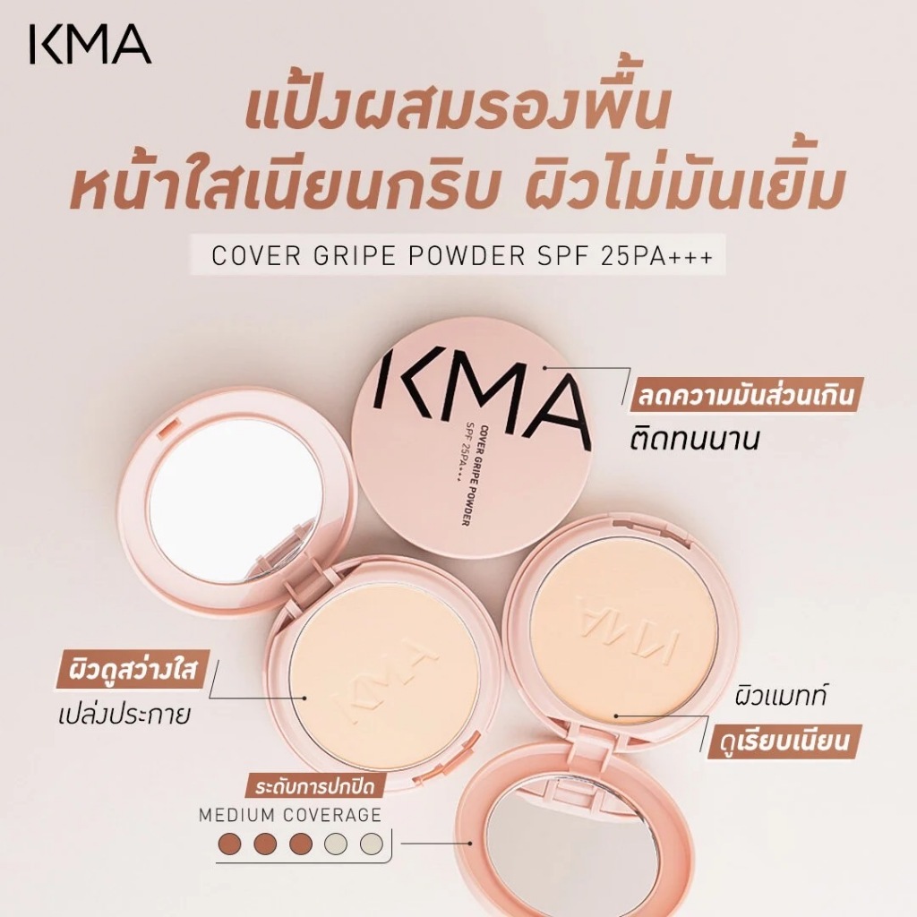KMA Cover Gripe Powder SPF 25PA+++ 11g. เคเอ็มเอ คัฟเวอร์ กริป พาวเดอร์ เอสพีเอฟ 25พีเอ+++ แป้งทาหน้าผสมสารกันแดด
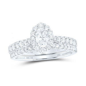 14kt White Gold Oval Diamond Halo Bridal Wedding Ring Band Set 1 Cttw
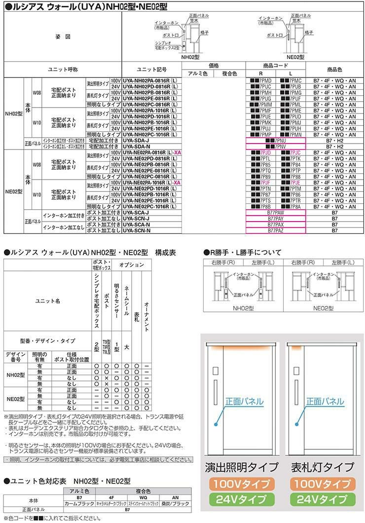 機能門柱 ルシアスウォール HH02型 W08 演出照明タイプ(100V照明)
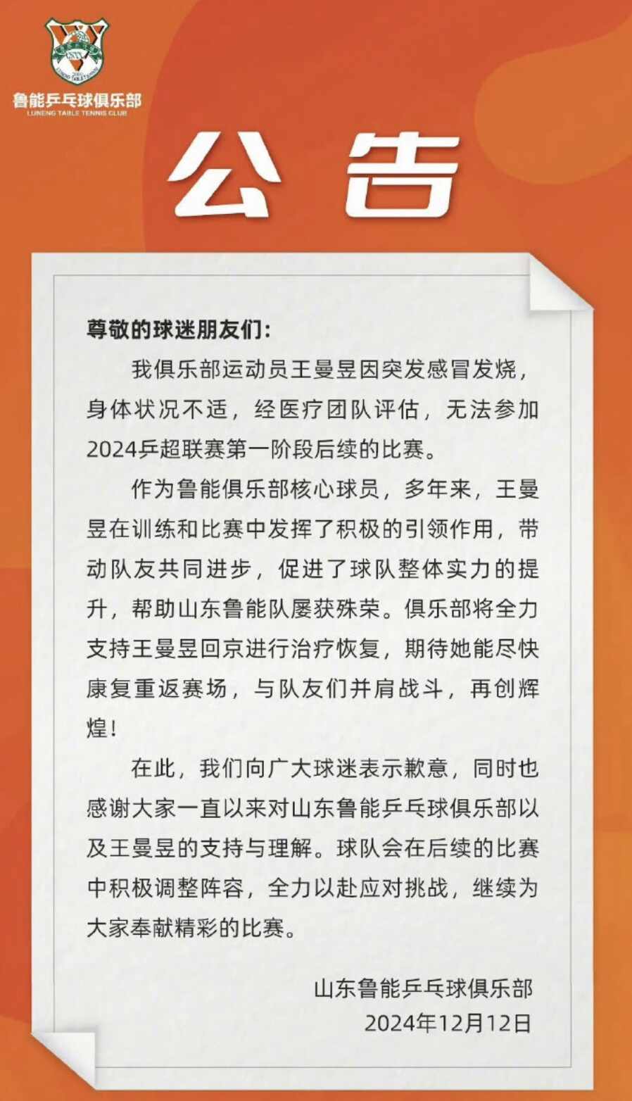 据 “山东鲁能乒乓球俱乐部”官方微信消息,王曼昱因突发感冒发烧身体状况不适,经医疗团队评估,无法参加2024乒超联赛第一阶段后续的比赛。
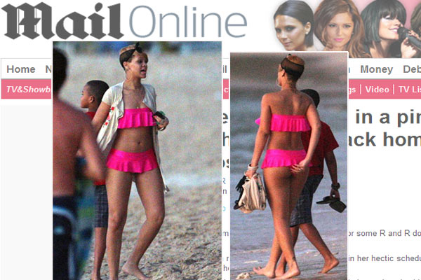 Rihanna curte a praia com biquíni pink de babadinho, em Barbados.
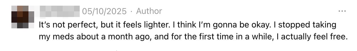 虽然新生活并不完美,但却让他轻松多了。他透露,自己目前已经停药一个月了,久违地感受到真正的自由。
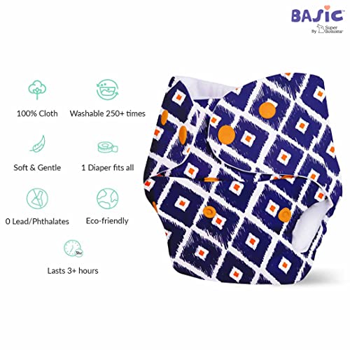 superbottoms 3 Basic Assorted Reusable Cloth Diaper For Babies 0-3 Years | Freesize, Adjustable, Washable & Organic (Comes With Quick Dry Foladable, Dry Feel Pad /Soaker / Insert)
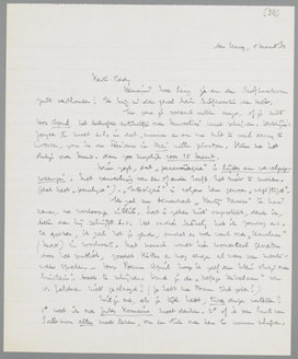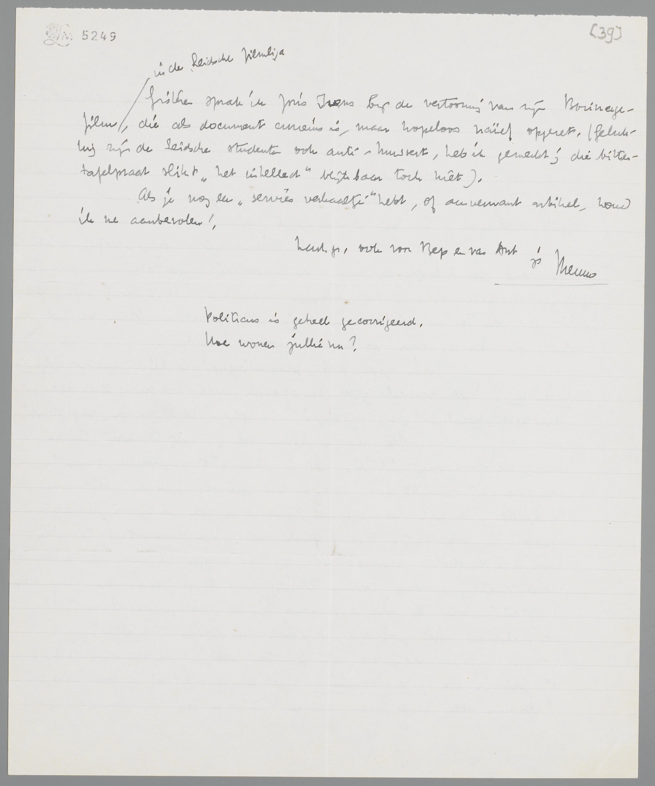 Wil je me, als je tijd hebt, twee dingen vertellen? 1o wat ik over Jules Romains moet denken. 2o of ik van Ernst von Salomon alles moet lezen, om een stuk over hem te kunnen schrijven. Gisteren sprak ik Joris Ivens bij de vertooning van zijn Borinagefilm in de Leidsche filmliga, die als document curieus is, maar hopeloos naïef opgezet. (Gelukkig zijn de Leidsche studenten ook anti-Mussert, heb ik gemerkt; die bittertafelpraat slikt ‘het intellect’ blijkbaar toch niet).
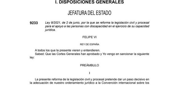 Publicada en el BOE nº 132 de 3 de junio, la Ley 8/2021, de 2 de junio, por la que se reforma la legislación civil y procesal para el apoyo a las personas con discapacidad en el ejercicio de su capacidad jurídica.
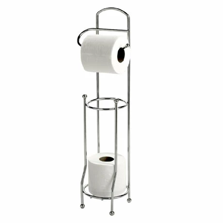 This high quality freestanding Basic toilet roll holder with toilet roll store has a beautiful chrome finish and would complement any bathroom. Completely freestanding this item provides a practical solution, looks great and doesn’t require any fitting.
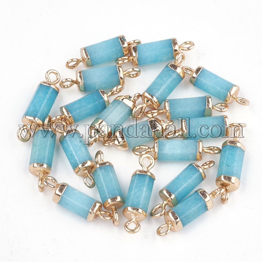 Electroplate Natural White Jade Links, with Iron Findings, Dyed, Column, Golden, Size: about 20~21mm long, 5~6mm wide, 5~6mm thick, hole: 1.8mm.
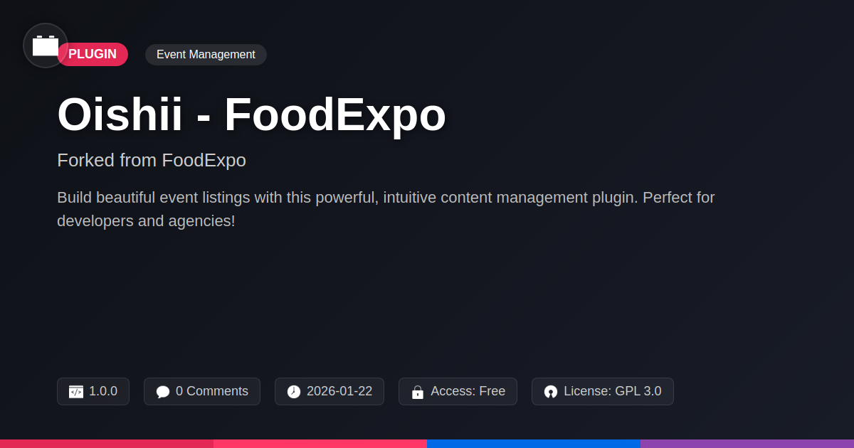 So, there you have it. Oishii - FoodExpo. It’s the event plugin that probably didn’t need to exist, but thank goodness it does. We’ve taken a solid foundation, polished it up, and made it something truly useful for anyone who’s ever wanted to showcase events without needing a wizard’s staff and a minor’s degree in database management. For you developers out there, you know the pain. You’ve navigated the labyrinthine settings of plugins that seem designed to test your patience. Agencies, you’ve faced clients who want the moon on a stick for the price of a cup of lukewarm coffee, and you need tools that are reliable, flexible, and won’t cause your hair to turn prematurely grey. And to all you open-source aficionados, you appreciate the beauty of community, transparency, and freedom. This fork embodies that spirit. It's about empowering you to build, to create, and to deliver stellar event experiences without unnecessary hurdles. It’s stable, it’s feature-rich, and frankly, it’s just easier to work with. So, stop dreading the event management aspect of your next project. Grab Oishii - FoodExpo, give it a spin, and discover how smooth building elegant event listings can actually be. Your sanity, and your clients, will thank you.
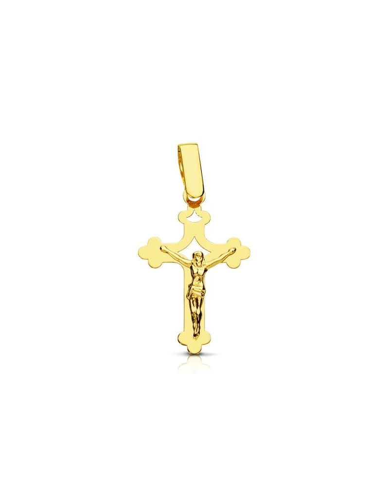 Cruz de oro de 18 kilates con un cristo y un tamaño de 22x14mm. Las cruces forman parte de la colección de oro de Falomir Joyas, y se entregan con estuche y marca de contraste oficial.

┄┄┄┄┄┄┄┄┄┄┄┄┄┄┄┄┄┄┄┄

▶ **Work order**: The whole listing, pictures excluded, should be output exactly.

▶ **Problem solution**:
KMA Cover Gripe Powder SPF 25PA+++ 11g. เคเอ็มเอ คัฟเวอร์ กริป พาวเดอร์ เอสพีเอฟ 25พีเอ+++ แป้งทาหน้าผสมสารกันแดด
 14kt White Gold Oval Diamond Halo Bridal Wedding Ring Band Set 1 Cttw
 機能門柱 ルシアスウォール HH02型 W08 演出照明タイプ(100V照明)
 据 “山东鲁能乒乓球俱乐部”官方微信消息,王曼昱因突发感冒发烧身体状况不适,经医疗团队评估,无法参加2024乒超联赛第一阶段后续的比赛。
 Rihanna curte a praia com biquíni pink de babadinho, em Barbados.
 虽然新生活并不完美,但却让他轻松多了。他透露,自己目前已经停药一个月了,久违地感受到真正的自由。
 superbottoms 3 Basic Assorted Reusable Cloth Diaper For Babies 0-3 Years | Freesize, Adjustable, Washable & Organic (Comes With Quick Dry Foladable, Dry Feel Pad /Soaker / Insert)
 Wil je me, als je tijd hebt, twee dingen vertellen? 1o wat ik over Jules Romains moet denken. 2o of ik van Ernst von Salomon alles moet lezen, om een stuk over hem te kunnen schrijven. Gisteren sprak ik Joris Ivens bij de vertooning van zijn Borinagefilm in de Leidsche filmliga, die als document curieus is, maar hopeloos naïef opgezet. (Gelukkig zijn de Leidsche studenten ook anti-Mussert, heb ik gemerkt; die bittertafelpraat slikt ‘het intellect’ blijkbaar toch niet).
 Publicada en el BOE nº 132 de 3 de junio, la Ley 8/2021, de 2 de junio, por la que se reforma la legislación civil y procesal para el apoyo a las personas con discapacidad en el ejercicio de su capacidad jurídica.
 This high quality freestanding Basic toilet roll holder with toilet roll store has a beautiful chrome finish and would complement any bathroom. Completely freestanding this item provides a practical solution, looks great and doesn’t require any fitting.
 Electroplate Natural White Jade Links, with Iron Findings, Dyed, Column, Golden, Size: about 20~21mm long, 5~6mm wide, 5~6mm thick, hole: 1.8mm.
 So, there you have it. Oishii - FoodExpo. It’s the event plugin that probably didn’t need to exist, but thank goodness it does. We’ve taken a solid foundation, polished it up, and made it something truly useful for anyone who’s ever wanted to showcase events without needing a wizard’s staff and a minor’s degree in database management. For you developers out there, you know the pain. You’ve navigated the labyrinthine settings of plugins that seem designed to test your patience. Agencies, you’ve faced clients who want the moon on a stick for the price of a cup of lukewarm coffee, and you need tools that are reliable, flexible, and won’t cause your hair to turn prematurely grey. And to all you open-source aficionados, you appreciate the beauty of community, transparency, and freedom. This fork embodies that spirit. It's about empowering you to build, to create, and to deliver stellar event experiences without unnecessary hurdles. It’s stable, it’s feature-rich, and frankly, it’s just easier to work with. So, stop dreading the event management aspect of your next project. Grab Oishii - FoodExpo, give it a spin, and discover how smooth building elegant event listings can actually be. Your sanity, and your clients, will thank you.
 Cruz de oro de 18 kilates con un cristo y un tamaño de 22x14mm. Las cruces forman parte de la colección de oro de Falomir Joyas, y se entregan con estuche y marca de contraste oficial.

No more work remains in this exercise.